> Description of the task
Below is a listing with pictures. Repeat exactly the lines starting at the one holding "Desde que se" and going on through the one holding "a. 通常一个测试用例中的埋", and leave every picture out.

> Provided records
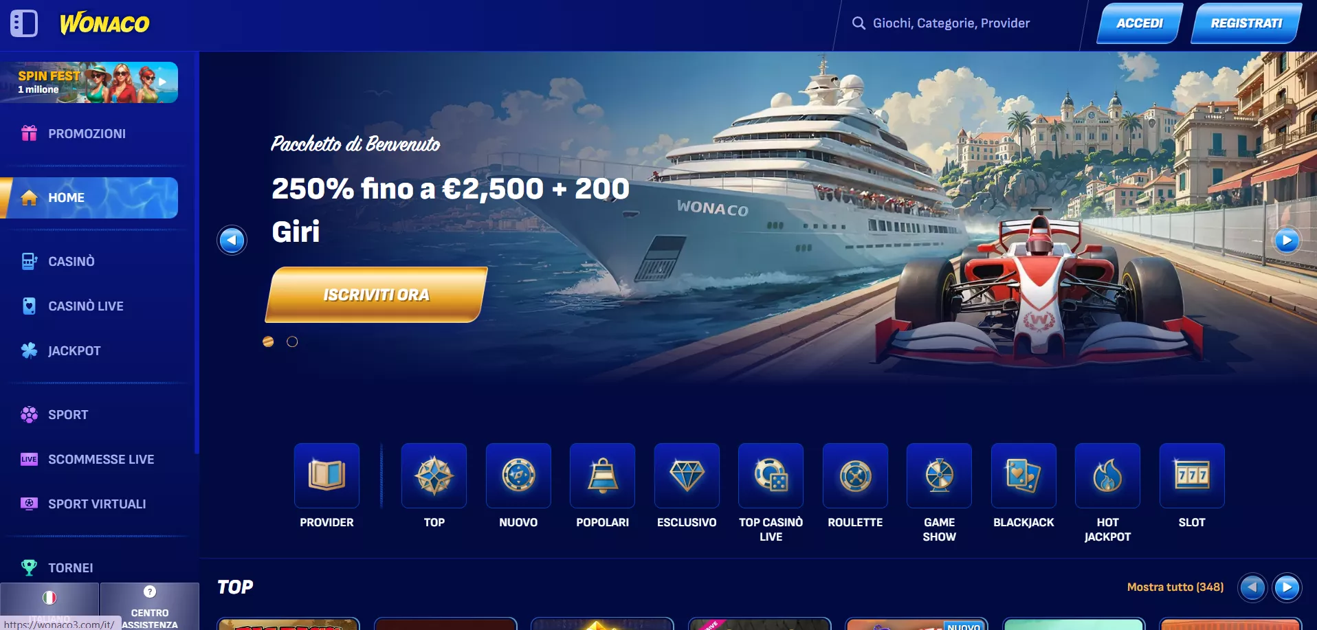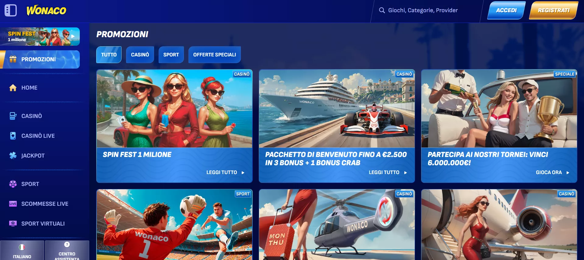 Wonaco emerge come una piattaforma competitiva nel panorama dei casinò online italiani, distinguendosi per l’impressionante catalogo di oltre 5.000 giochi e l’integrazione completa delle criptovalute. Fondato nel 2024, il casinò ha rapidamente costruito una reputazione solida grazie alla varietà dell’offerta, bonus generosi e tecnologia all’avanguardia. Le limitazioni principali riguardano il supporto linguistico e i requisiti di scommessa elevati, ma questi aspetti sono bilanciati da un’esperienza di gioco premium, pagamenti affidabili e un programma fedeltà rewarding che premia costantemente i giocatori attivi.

...

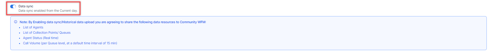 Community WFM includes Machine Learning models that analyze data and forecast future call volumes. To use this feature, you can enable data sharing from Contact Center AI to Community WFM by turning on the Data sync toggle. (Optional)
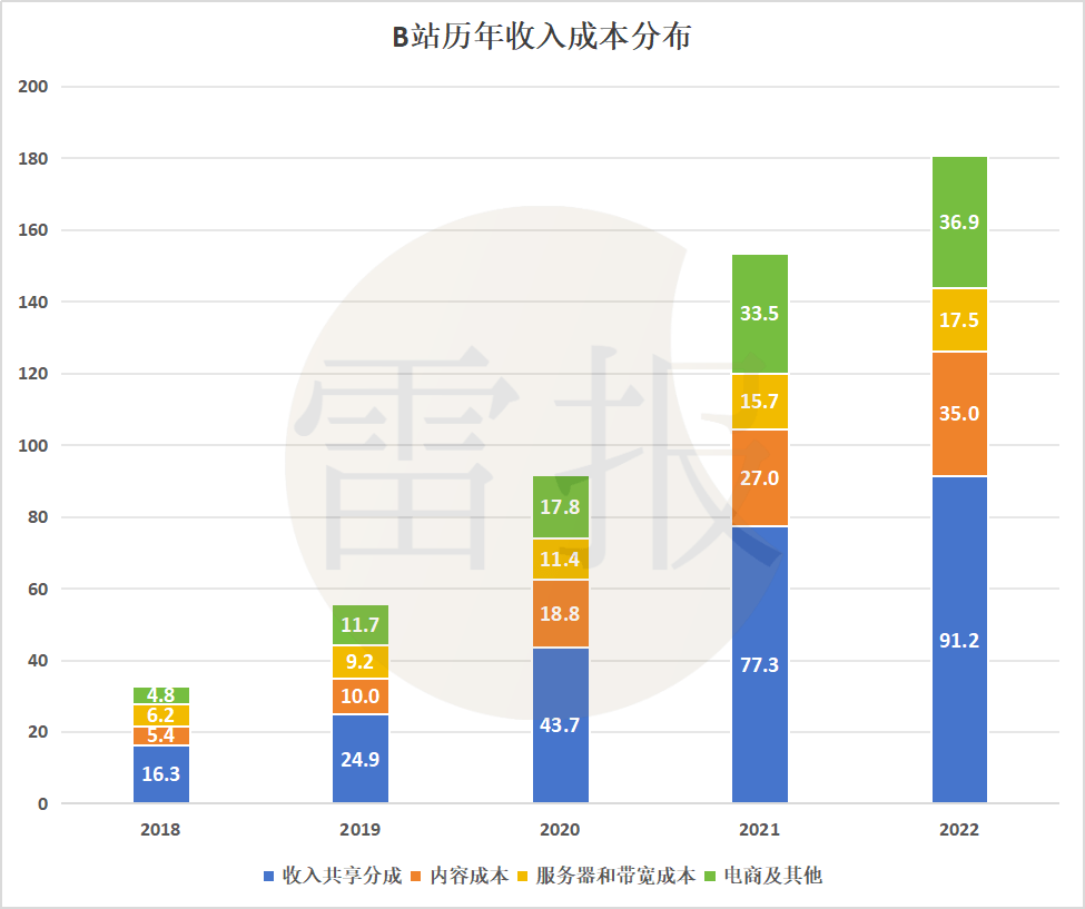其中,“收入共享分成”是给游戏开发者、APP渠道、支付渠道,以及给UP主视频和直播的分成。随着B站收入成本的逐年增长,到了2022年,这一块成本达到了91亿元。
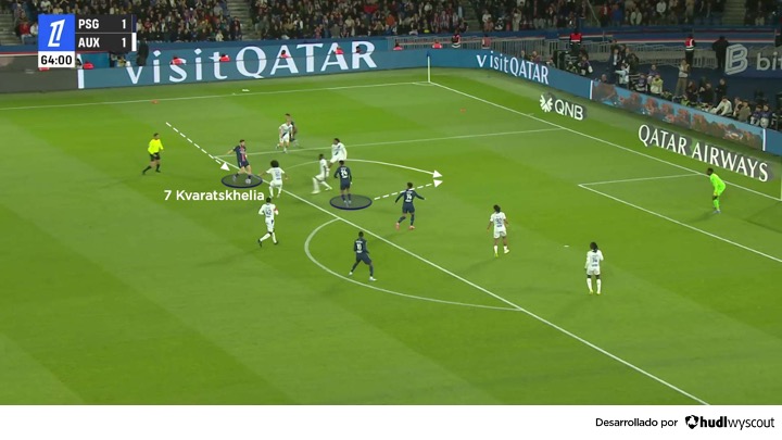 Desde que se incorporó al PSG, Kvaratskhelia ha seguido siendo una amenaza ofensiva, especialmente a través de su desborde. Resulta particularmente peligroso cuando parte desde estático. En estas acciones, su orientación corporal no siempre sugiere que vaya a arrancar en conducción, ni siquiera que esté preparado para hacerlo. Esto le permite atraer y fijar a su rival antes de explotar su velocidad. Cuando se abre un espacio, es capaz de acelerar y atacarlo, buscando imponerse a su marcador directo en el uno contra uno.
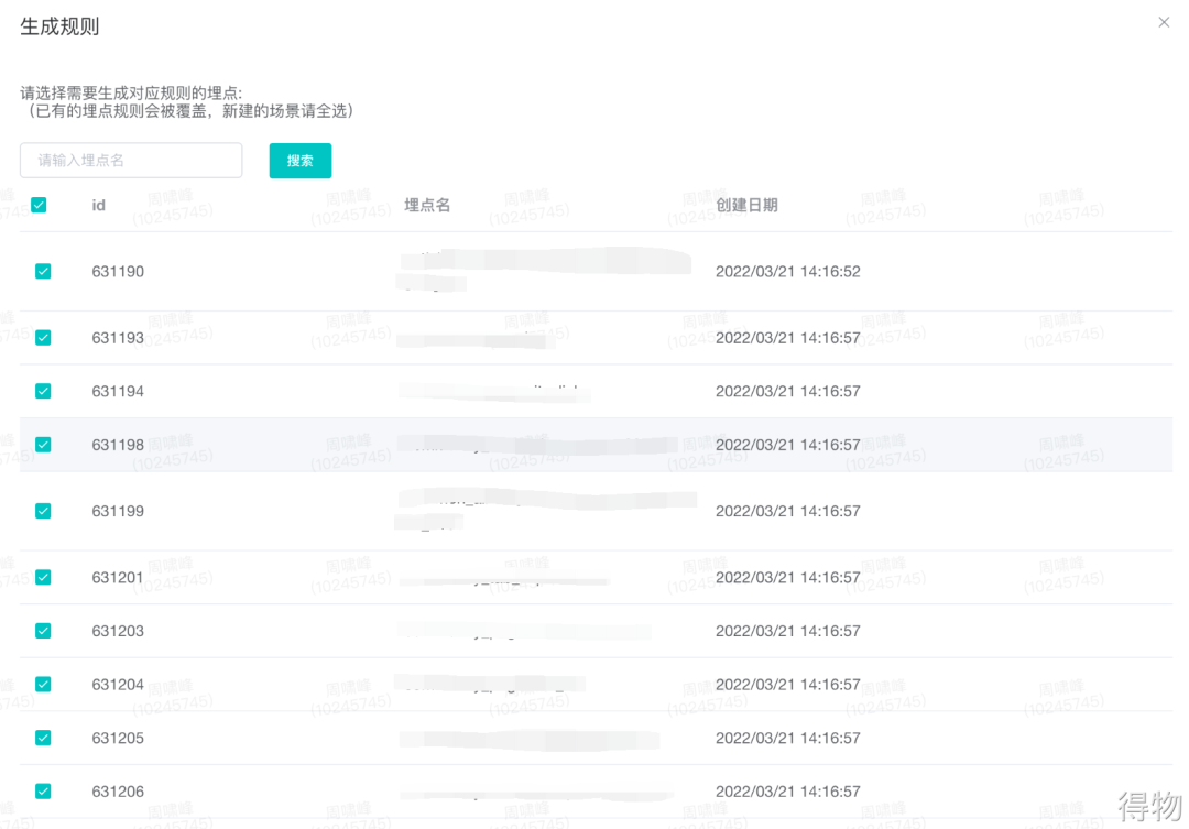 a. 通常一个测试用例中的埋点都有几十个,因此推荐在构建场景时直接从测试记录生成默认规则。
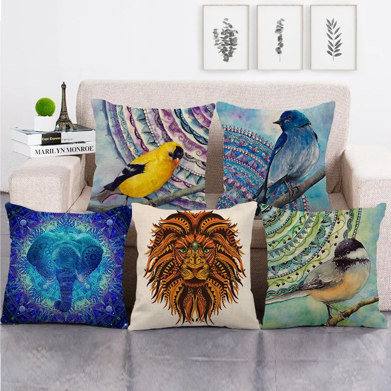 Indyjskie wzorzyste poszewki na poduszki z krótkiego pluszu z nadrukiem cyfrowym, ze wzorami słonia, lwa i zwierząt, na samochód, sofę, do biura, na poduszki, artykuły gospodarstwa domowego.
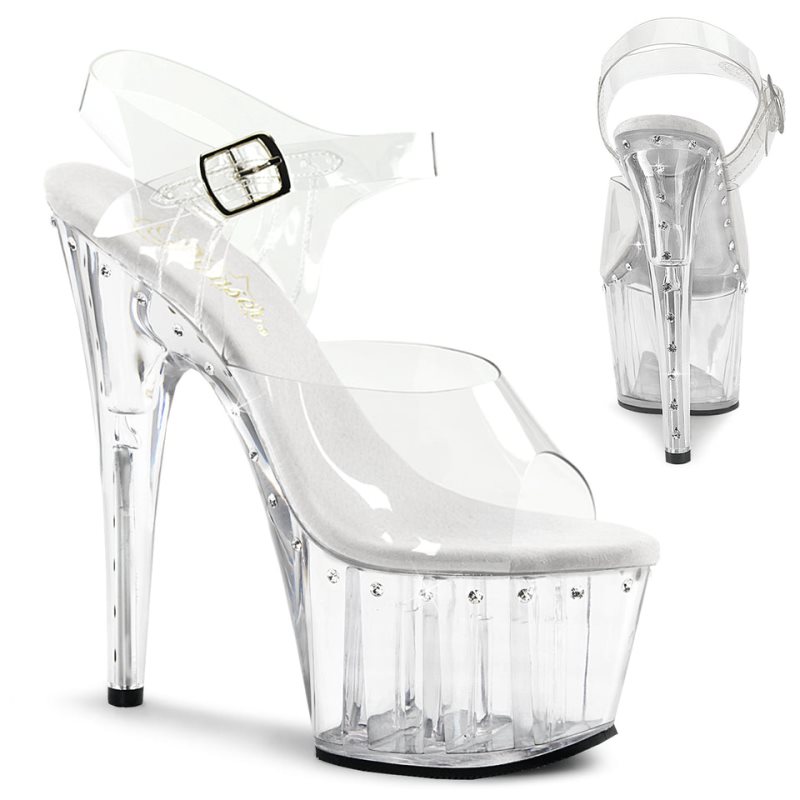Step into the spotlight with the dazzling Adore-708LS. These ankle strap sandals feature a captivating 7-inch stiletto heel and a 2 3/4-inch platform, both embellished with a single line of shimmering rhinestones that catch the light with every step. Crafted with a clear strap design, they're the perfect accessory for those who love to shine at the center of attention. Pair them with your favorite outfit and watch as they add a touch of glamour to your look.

> Written response
 Desde que se incorporó al PSG, Kvaratskhelia ha seguido siendo una amenaza ofensiva, especialmente a través de su desborde. Resulta particularmente peligroso cuando parte desde estático. En estas acciones, su orientación corporal no siempre sugiere que vaya a arrancar en conducción, ni siquiera que esté preparado para hacerlo. Esto le permite atraer y fijar a su rival antes de explotar su velocidad. Cuando se abre un espacio, es capaz de acelerar y atacarlo, buscando imponerse a su marcador directo en el uno contra uno.
 a. 通常一个测试用例中的埋点都有几十个,因此推荐在构建场景时直接从测试记录生成默认规则。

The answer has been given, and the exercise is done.